Often the mind believes it is thinking, when it is only passing from one metaphor to the next.
 
de Silentio
 
Reply Fri 6 Oct, 2006 08:30 pm
@T-T-T,
Kant does not support what I said, he did not write stories (from what I understand).

Kierkegaard does support what I said, his dialectical style contians many stories.

Big difference.
 
NoAngst
 
Reply Fri 6 Oct, 2006 08:39 pm
@de Silentio,
de Silentio wrote:
If you want to get technical, Plato wrote stories not Treatises. And you cannot tell me there is no philosophy in Plato.

Only metaphysical speculation. The idea of "the Good" is logically the same as the idea of "the Underground Man"; both are ways of looking at the world for which no ponderable evidence exists. Allegory of the Cave? Again: Often the mind believes it is thinking, when it is only passing from one metaphor to the next.
 
de Silentio
 
Reply Fri 6 Oct, 2006 08:44 pm
@T-T-T,
"Often the mind believes it is thinking, when it is only passing from one metaphor to the next." -NoAngst

Please explain this for me.
 
pilgrimshost
 
Reply Fri 6 Oct, 2006 08:47 pm
@T-T-T,
YES this is an interesting consept!
 
Justin
 
Reply Fri 6 Oct, 2006 09:02 pm
@T-T-T,
Thank you all for keeping this discussion clean and respectful.

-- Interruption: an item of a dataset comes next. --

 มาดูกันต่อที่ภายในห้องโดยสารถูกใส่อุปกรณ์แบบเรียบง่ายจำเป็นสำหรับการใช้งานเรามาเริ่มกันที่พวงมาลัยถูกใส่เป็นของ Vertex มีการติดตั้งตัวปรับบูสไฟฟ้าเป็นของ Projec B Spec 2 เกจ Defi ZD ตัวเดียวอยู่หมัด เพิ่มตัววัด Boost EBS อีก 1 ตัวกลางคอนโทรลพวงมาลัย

In my opinion Philosophy isn't something to study at all. Philosophy is something that's realized with the awakening of mankind and the discovery of that Genius within. It all has to start with desire, and productive members of this forum are here because they desire to be. It goes far beyond textbook Philosophy and has a lot to do with Human Relations.

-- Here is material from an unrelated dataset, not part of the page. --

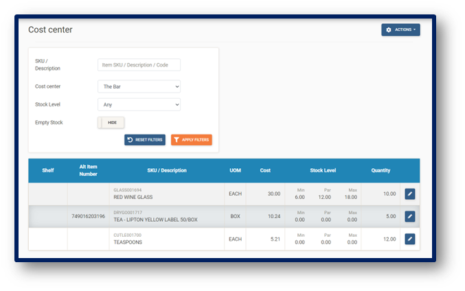 Items can also be searched via the Cost Centers |Cost Centres.png| buttons under the Inventory drop-down menu
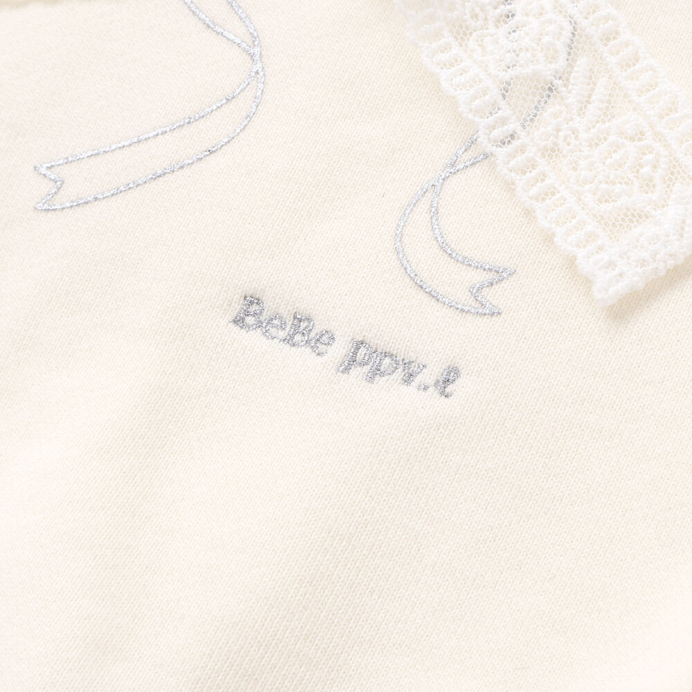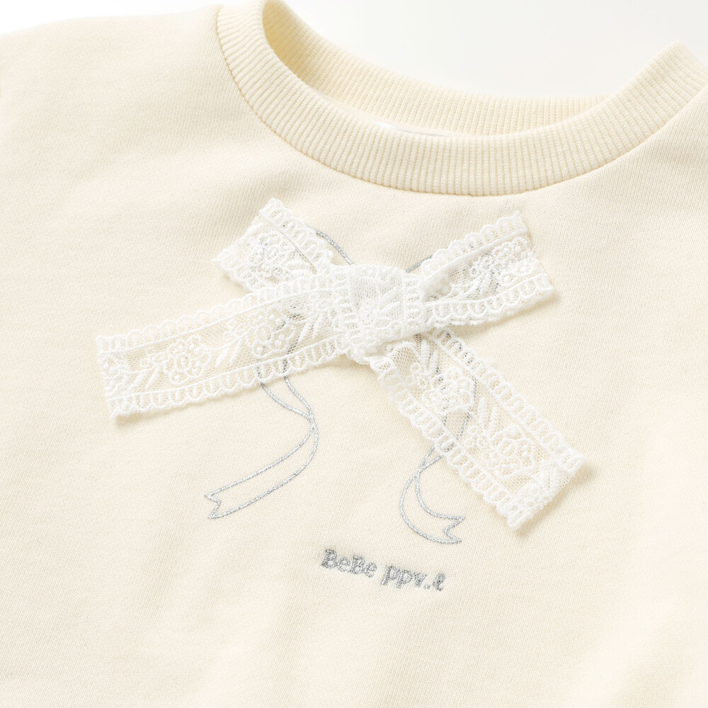 胸元にはリボン刺しゅうの上にレースリボンを重ね、フェミニンなアクセントをプラス。

Book knowledge and formal education do not constitute Genius.

Never stop growing and never give up on your own Philosophy. Philosophy isn't just something to discuss either, it's something that shines out of you and reflects back to you, that which you reflect into it.

Hope you stick around T-T-T as this forum unfolds. You may find some interesting things here and quite possibly make a friend or two along the way.

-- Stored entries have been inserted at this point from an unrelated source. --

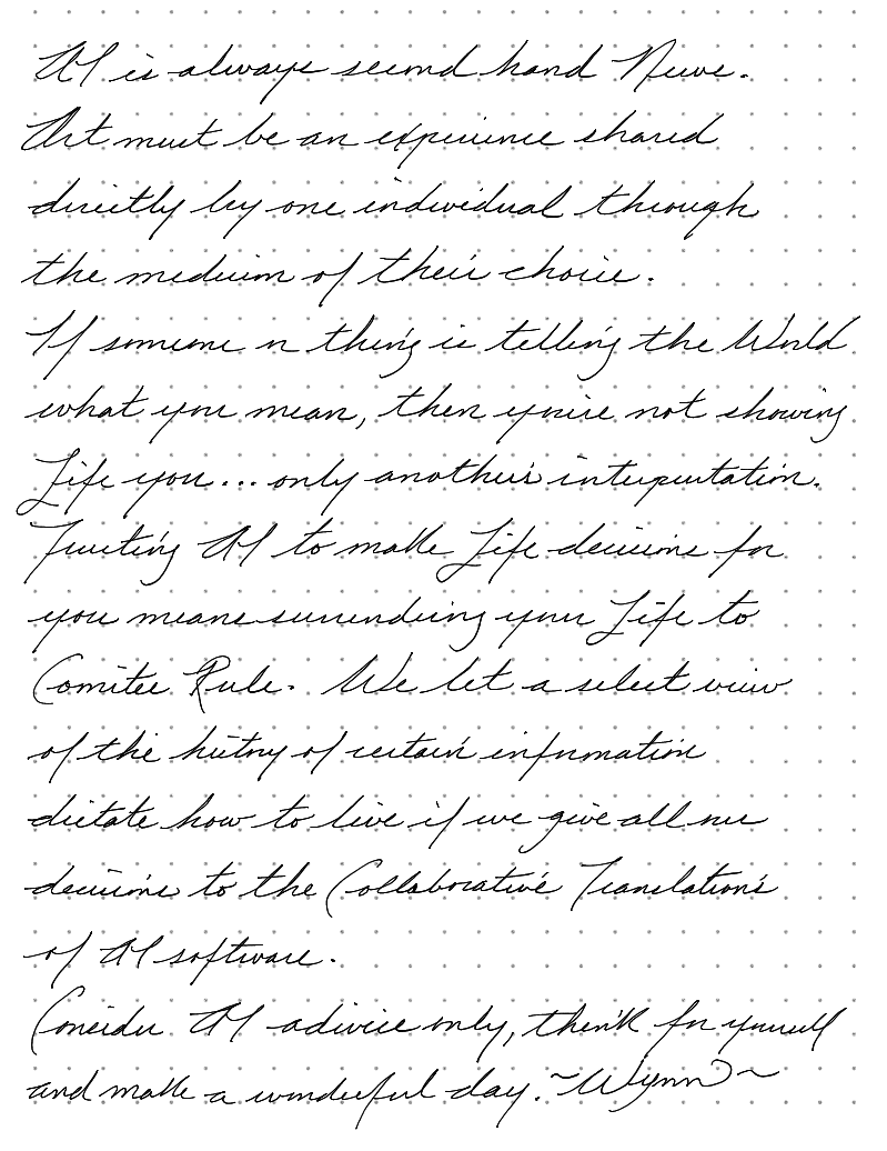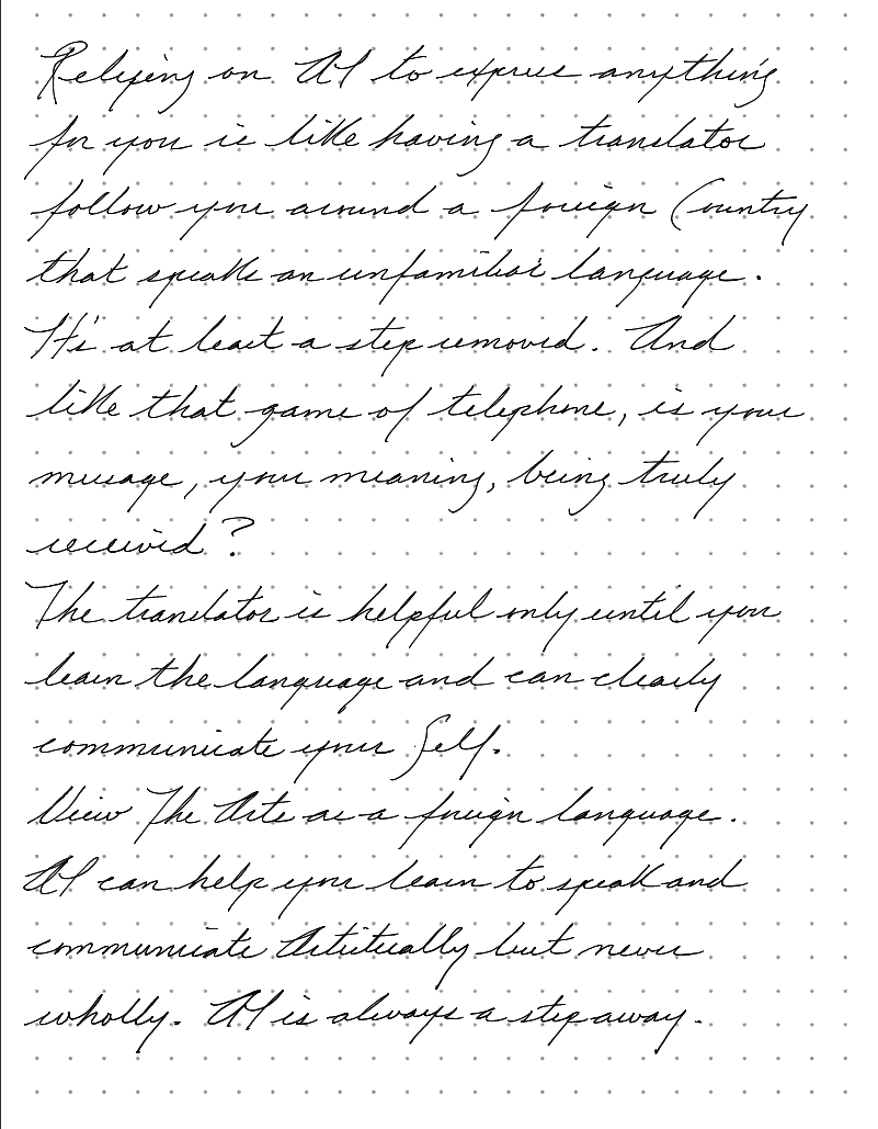 Relying on AI to express anything for you is like having a translator follow you around a foreign Country that speaks an unfamiliar language. It's at least a step removed. And like that game of telephone... is your message, and meaning, being truly received?
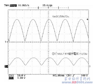 MultFP是乘法器的输入端子。输入电压先经全波整流,再通过分压输入该端子。该电压波形在使输入电流波形正弦化的过程中起到重要作用(图2-14)。[Page]
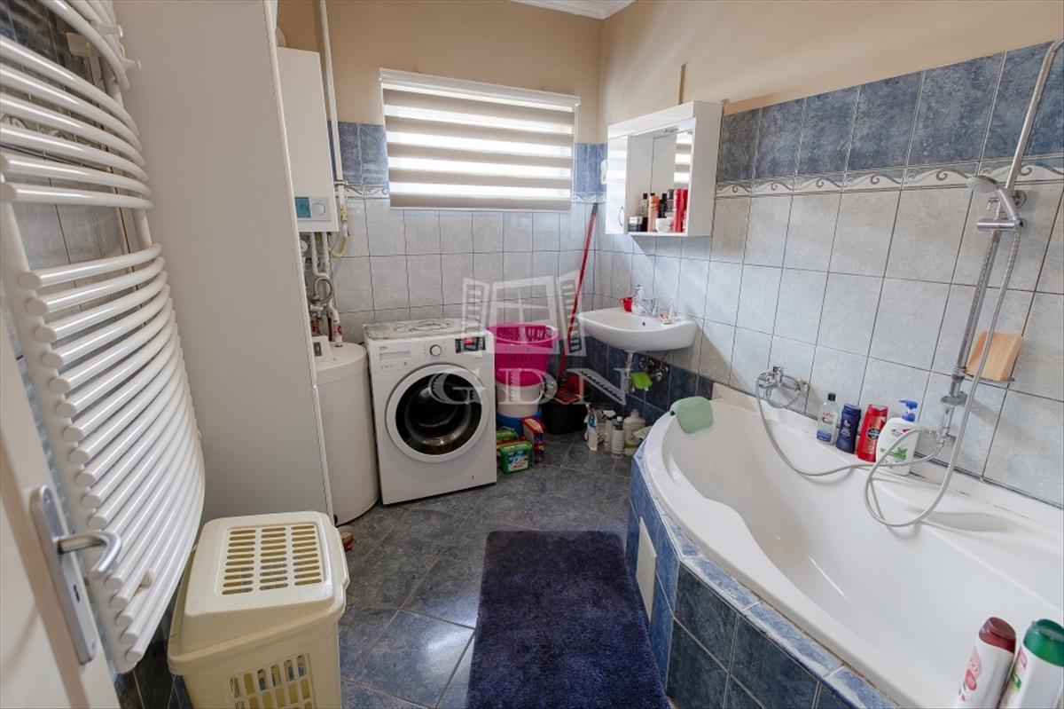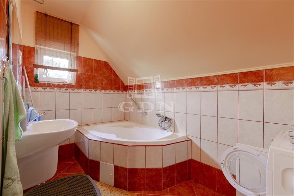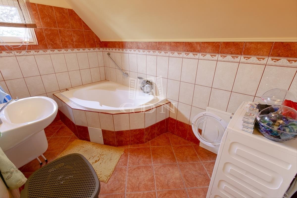 Az újabb épület 2 szintes, 2007-ben épült, beton alapra, 30 cm ytong téglából, körbe 5 cm-es dryvit szigeteléssel, beton födémmel. Ezen az épületen viszont 2022-ben tetőcsere történt, bitumenes födém helyett, Lindab cseréplemezes fedést kapott, illetve műanyag thermo nyílászáróval rendelkezik. Ez az ingatlan kiváló állapotú, folyamatosan karbantartott, dupla fürdőszobával, épített kandallóval, riasztóval felszerelt, melyhez tartozik egy közvetlen fedett gépkocsibeálló és egy medence is.

Thanks again fellas for keeping it clean. I'm in the process of writing rules for the forum. I'll update them in the annoncements soon.

Also, why doesn't T-T-T start with a Thread in the Branches of Philosophy that is of interest. This is an introduction forum so please introduce yourself and let's talk Philosophy.Smile
 
NoAngst
 
Reply Fri 6 Oct, 2006 09:02 pm
@de Silentio,
de Silentio wrote:
"Often the mind believes it is thinking, when it is only passing from one metaphor to the next." -NoAngst

Please explain this for me.

This is basically an extended metaphor. Of course we understand the point and are likely convinced of its truth. But is it a truth or a story told in such a way that its putative force rests only on recognition and plausibility?

Consider: On cold, winter nights, porcupines will sometimes huddle together to share body heat against the weather. But they must be careful doing this so as not to poke each other with their quills. Now the same may be said about human society; that we need to live together and work toward a common good, but we must take care not to infringe upon our neighbors.

While the first example apparently illustrates and lends force to the second, the fact of the matter is that porcupines do not exhibit the behavior described; they are basically loners who shun their own kind. Yet the fact of such description is irrelevant to the assumed truth of the second; mere plausibility is enough to provide putative force to the point being made about society. And so it is with the Allegory of the Cave; the mind believes it is thinking, but it is only passing from one metaphor to the next; you are convinced of "the Good" because of the plausibility of the metaphors, not by any reasoned argument that "the Good" exists in fact.